• _TASK OBJECTIVE_
Note the line containing "The coding regions"; from it through the last line below, give only those lines again, exactly, both ends included, skipping pictures.

• _COLLECTED MATERIAL_
□ □ □ □ □ □ □

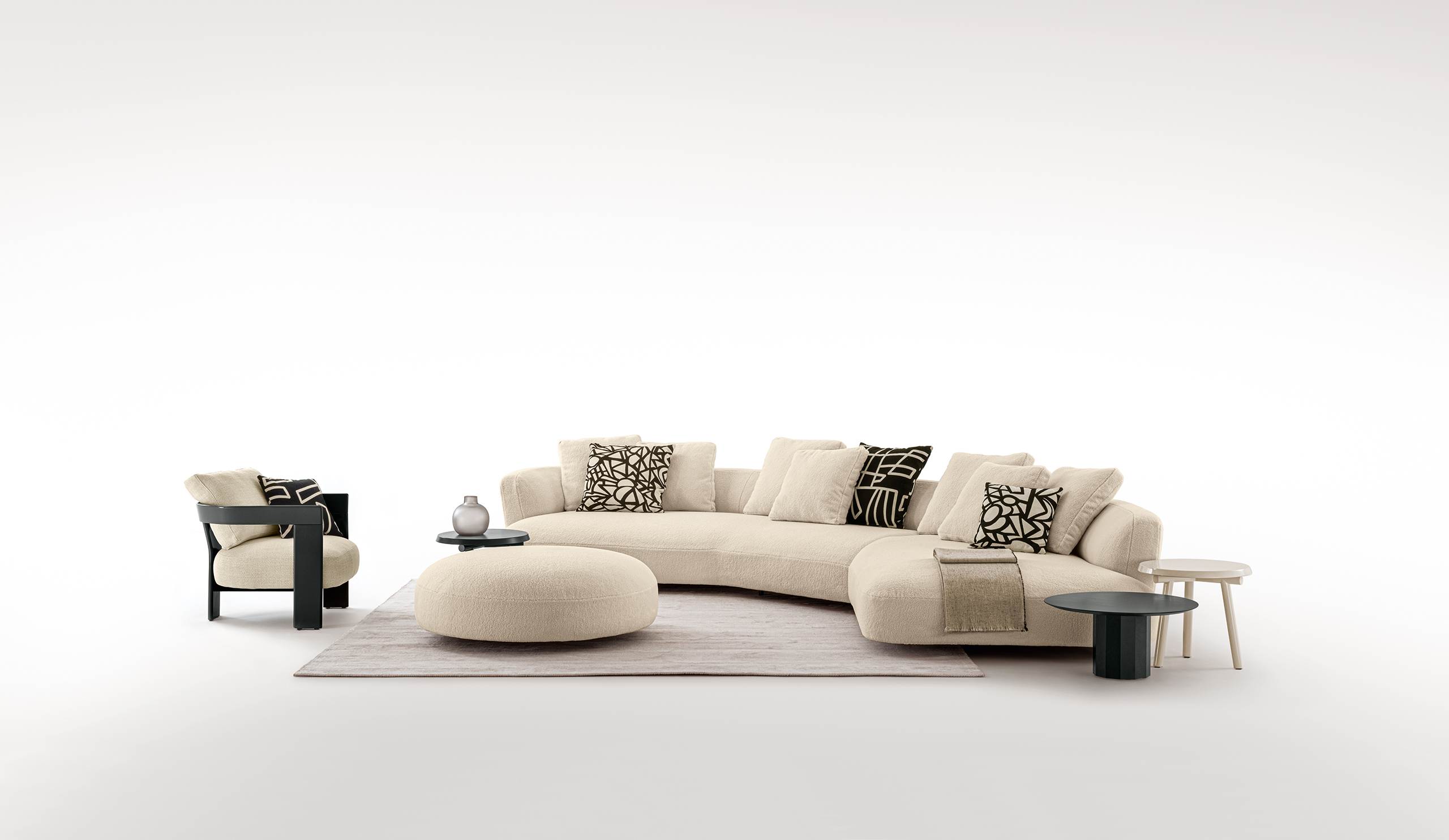 The Alma 240 cm sofa perfectly balances generous comfort with an elegant visual presence. Its wide proportions welcome effortlessly, offering a deep and continuous seat that encourages conviviality and everyday relaxation. Soft, rounded lines combined with tactile, textured upholstery convey an immediate sense of warmth and well-being. Designed for spacious living areas, Alma 240 cm stands out for its informal elegance, enhancing interiors without ever overwhelming them.
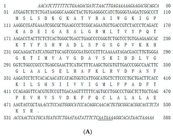The coding regions of the M. amblycephala Hbα and Hbβ genes were obtained from the M. amblycephala genome database [], which were verified using PCR amplification. To obtain the full-length cDNA sequences of the MaHbα and MaHbβ genes, 3′- and 5′- rapid-amplification of cDNA ends polymerase chain reactions (RACE-PCR) were conducted using a SMART™ RACE cDNA Amplification Kit (TaKaRa), and the primers are presented in Table 1. The RACE-PCR products were ligated with a pGEM®-T Easy Vector (Promega, Fitchburg, WI, USA) and transformed into trans5α competent cells, which were then sequenced in Beijing Genomics Institute (Wuhan, China). The full-length cDNA sequences of the M. amblycephala Hbα and Hbβ genes were assembled using the SeqMan version 7.1 software in the DNASTAR package.
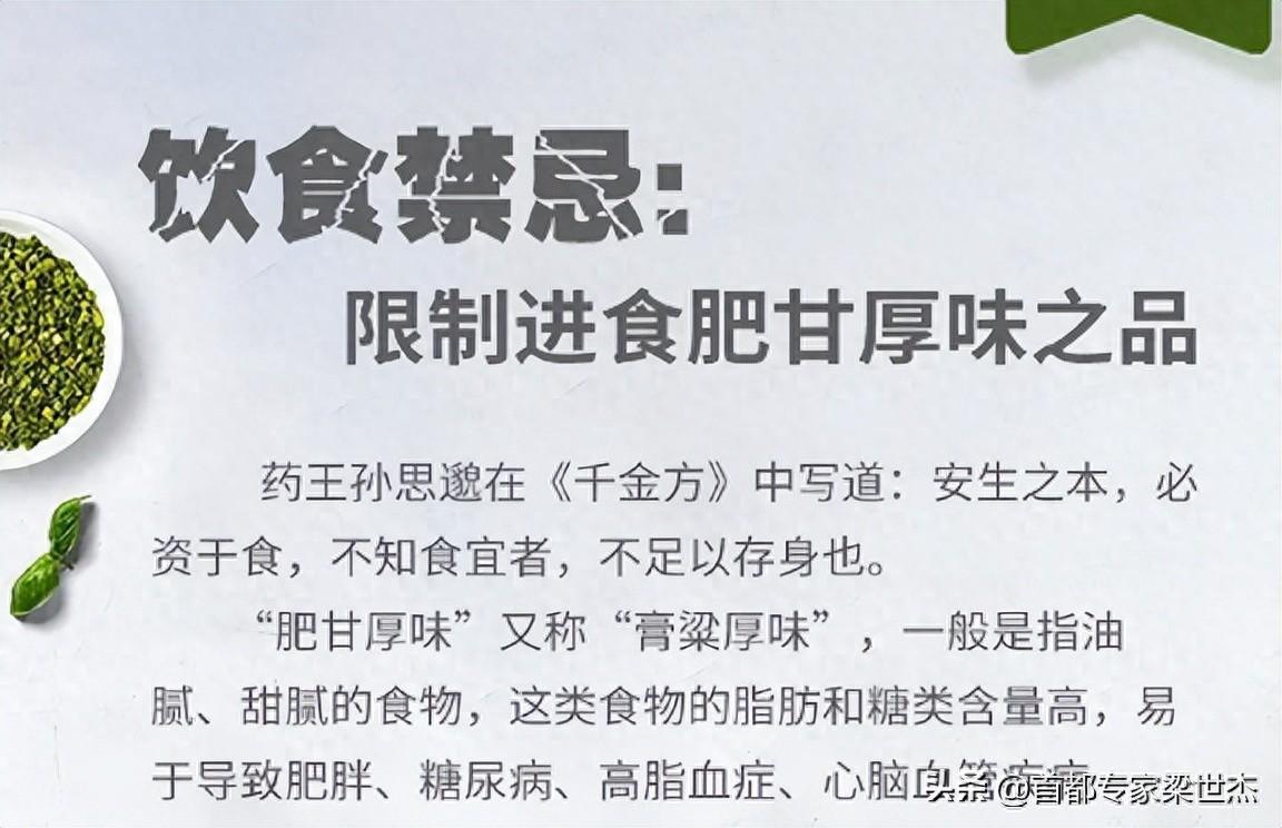 梁世傑醫生在爲患者調理疾病時,就非常注重忌嘴方法。對於胃病患者,玉米、紅薯、菠菜等看似健康的食物,卻可能因爲其偏黏偏硬的特性,加重脾胃的負擔,所以都要忌口。生冷的食物和油膩的肉食更是不能碰,飲食只能喫到八成飽。糖尿病患者要遠離各種肉食、甜食、乾果等,大米稀飯也不能喝,飲食控制在七成飽。痛風患者則要忌食各種肉食、海鮮、甜食、乾果等。

□ □ □ □ □ □ □

• _TASK OUTPUT_
The coding regions of the M. amblycephala Hbα and Hbβ genes were obtained from the M. amblycephala genome database [], which were verified using PCR amplification. To obtain the full-length cDNA sequences of the MaHbα and MaHbβ genes, 3′- and 5′- rapid-amplification of cDNA ends polymerase chain reactions (RACE-PCR) were conducted using a SMART™ RACE cDNA Amplification Kit (TaKaRa), and the primers are presented in Table 1. The RACE-PCR products were ligated with a pGEM®-T Easy Vector (Promega, Fitchburg, WI, USA) and transformed into trans5α competent cells, which were then sequenced in Beijing Genomics Institute (Wuhan, China). The full-length cDNA sequences of the M. amblycephala Hbα and Hbβ genes were assembled using the SeqMan version 7.1 software in the DNASTAR package.
 梁世傑醫生在爲患者調理疾病時,就非常注重忌嘴方法。對於胃病患者,玉米、紅薯、菠菜等看似健康的食物,卻可能因爲其偏黏偏硬的特性,加重脾胃的負擔,所以都要忌口。生冷的食物和油膩的肉食更是不能碰,飲食只能喫到八成飽。糖尿病患者要遠離各種肉食、甜食、乾果等,大米稀飯也不能喝,飲食控制在七成飽。痛風患者則要忌食各種肉食、海鮮、甜食、乾果等。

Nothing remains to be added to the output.